Downstairs, Kevin's father is in the living room, which is directly below Kevin's room.  He is holding a long string in his hand.  The string runs out of the window and is attached to a large balloon, which is hovering just below Kevin's bedroom window.  On the balloon is painted a horribly scary face.

Kevin's mother is speaking: "Now go to sleep Kevin - or, once again, I'll have to knock three times and summon the Floating Head of Death!"

Trouble Brewing

On the left we see a building with a chain link fence around it.  Directly next door to it is another building, also surrounded by a chain link fence.  There is a common, chain link fence between the two properties.  In the yard of the building on the left, we see several strange looking animals.  They look like some kind of dog.  In the yard of the building on the right, we see several babies, crawling around on the grass.

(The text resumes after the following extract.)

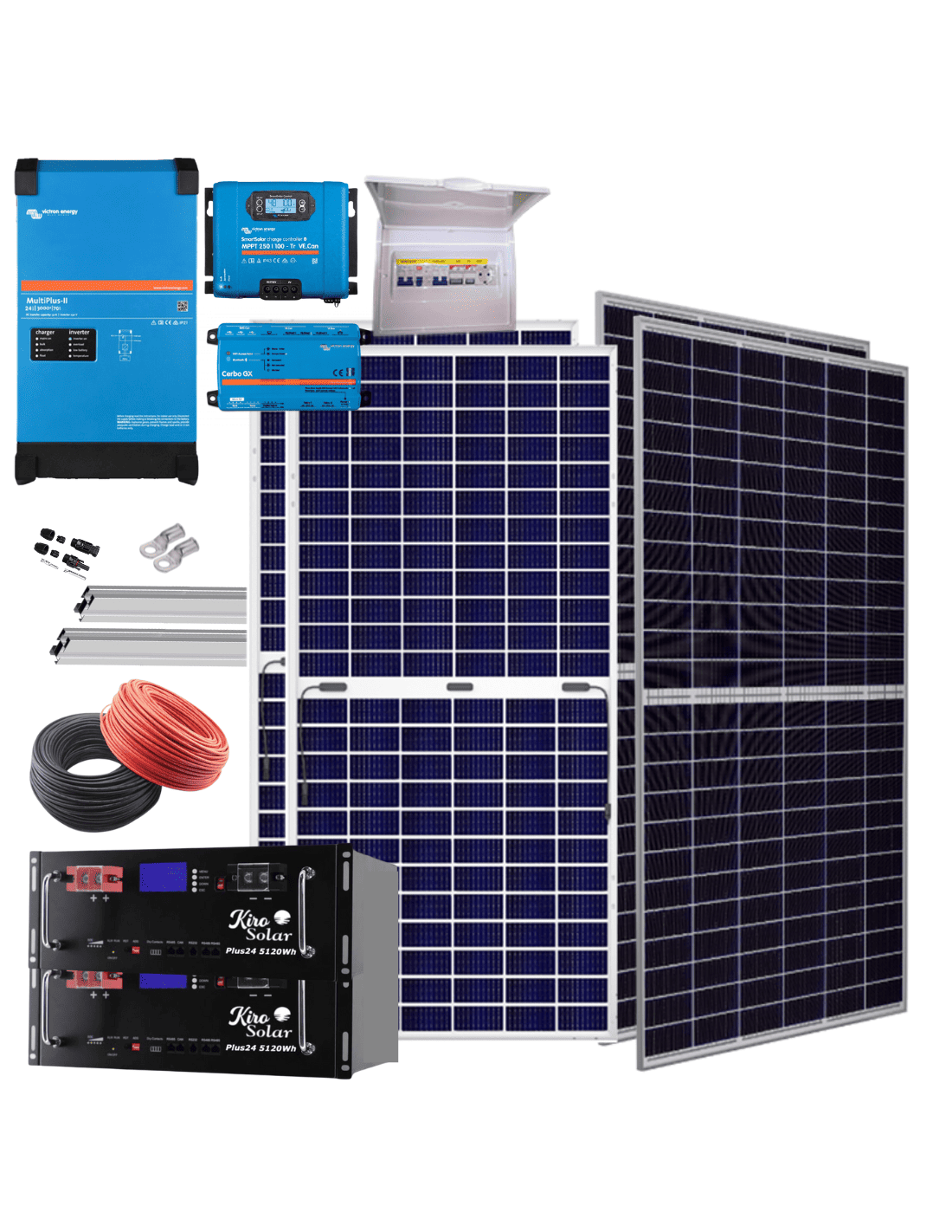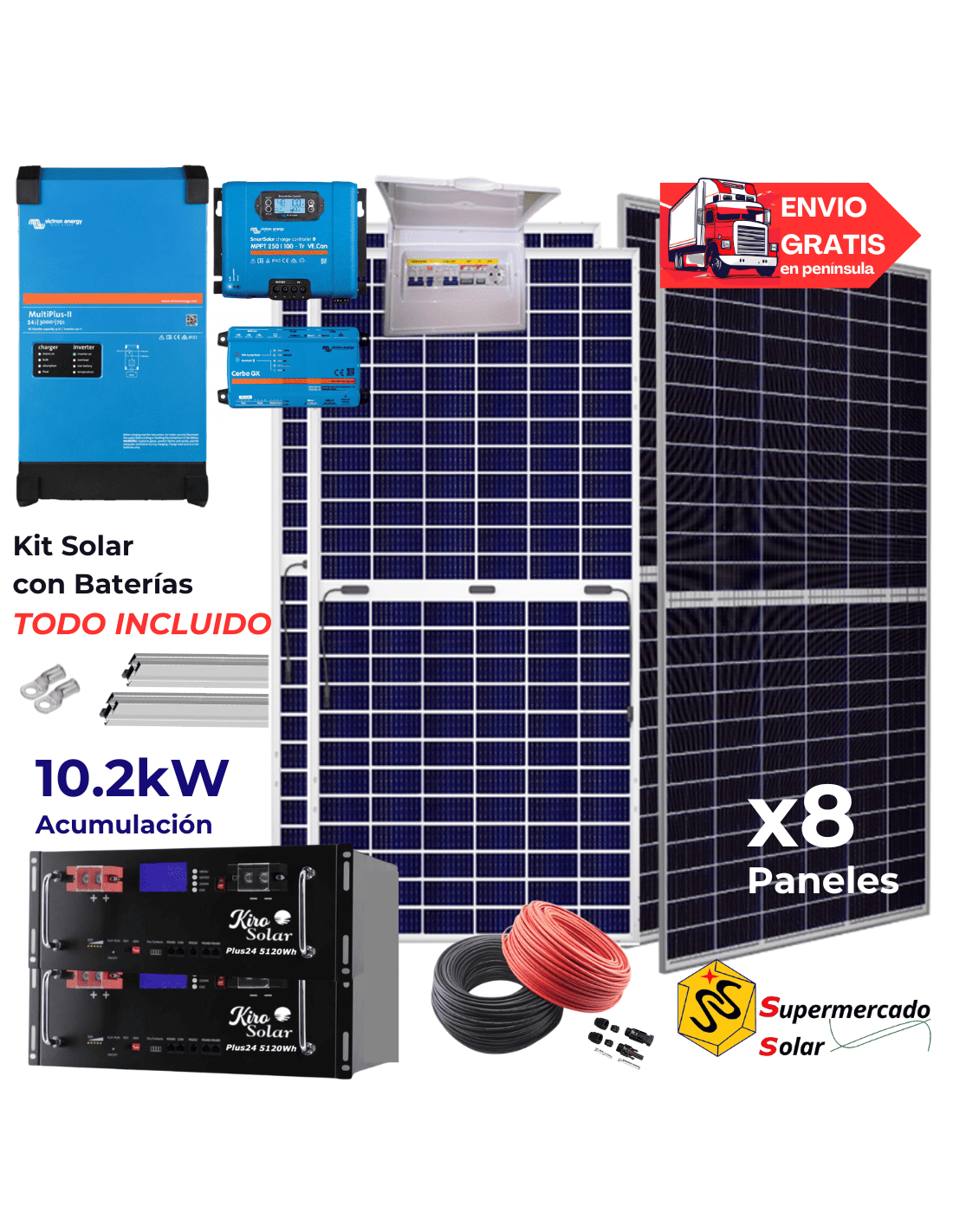 Kit solar con baterías de Litio para iluminación LED, Televisión LED, Nevera A++, Microondas, Bomba 1CV, Lavadora, Lavavajillas, Vitrocerámica y pequeños consumos. Este kit se puede modificar ajustándolo a sus necesidades.

There is are signs on both buildings.  The sign on the building with the dogs says: "Ed's Dingo Farm."  The sign on the building with the babies says: "Doreen's Nursery."

The caption of the cartoon reads simply: "Trouble Brewing."

Those are a couple of mine.  I've got lots more.  How about you?

Note: I figure this is kind of an all or nothing thread.  Either it will take off or fall splat.  It takes some patience to sit down and describe cartoons such as these - but I think it's worth it.  Hope y'all do too!


----------



## Oddball




----------



## rdean

There is a giant vat of fudge. 

There is an escalator going up the side of the vat.

The escalator is filled with crazy and deranged looking people.

At the top of the escalator is a giant mechanical boxing glove knocking the people into the vat of fudge as they get to the top of the escalator.

The title of the cartoon is, "Making Nut Fudge".


----------



## Baruch Menachem

Be careful of that boxing glove at the top of the escalator, Rdean.


----------



## boedicca

My absolute favorites were: 

Aerobics in Hell where they are doing something like over a 1 million leg lifts

Hell's Angels type of guy with his Chopped Espresso Maker

Aliens watching the Earth from space - two mushroom clouds appear and they say "oooo prettty"

Two alligators lying on a beach with full bellies; a pair of glasses and a back pack are nearby.  One alligator says:  "That was wonderful, no fur, claws, scales...just soft and pink".

Two female warhogs are in a bar looking at a male warthog.  One female says "he thinks he's God's gift to warthogs".


----------



## LuckyDan

A long view of a lady standing in her living room, talking on the phone. Behind her is a large picture window. Outside the window and looking in is a giant eyeball. The caption reads, "Marge? Hi! Lois Johnston here...Fine thanks. Say, can you look out your widow and describe what's in my front yard?


----------



## boedicca

Two deer are standing in the woods.  One of them has markings that look like a bull's eye target.  The other says:  Bummer of a birthmark, Hal.


----------



## George Costanza

Dude said:


>



How did you do that?  I tried to find copies of my favorites - figured I could just paste them in to a post here.  Couldn't do it.  I can find the cartoons all right.  I right click and select "Copy Image."  I come her, open up a post, right click and "Paste" is grayed out.  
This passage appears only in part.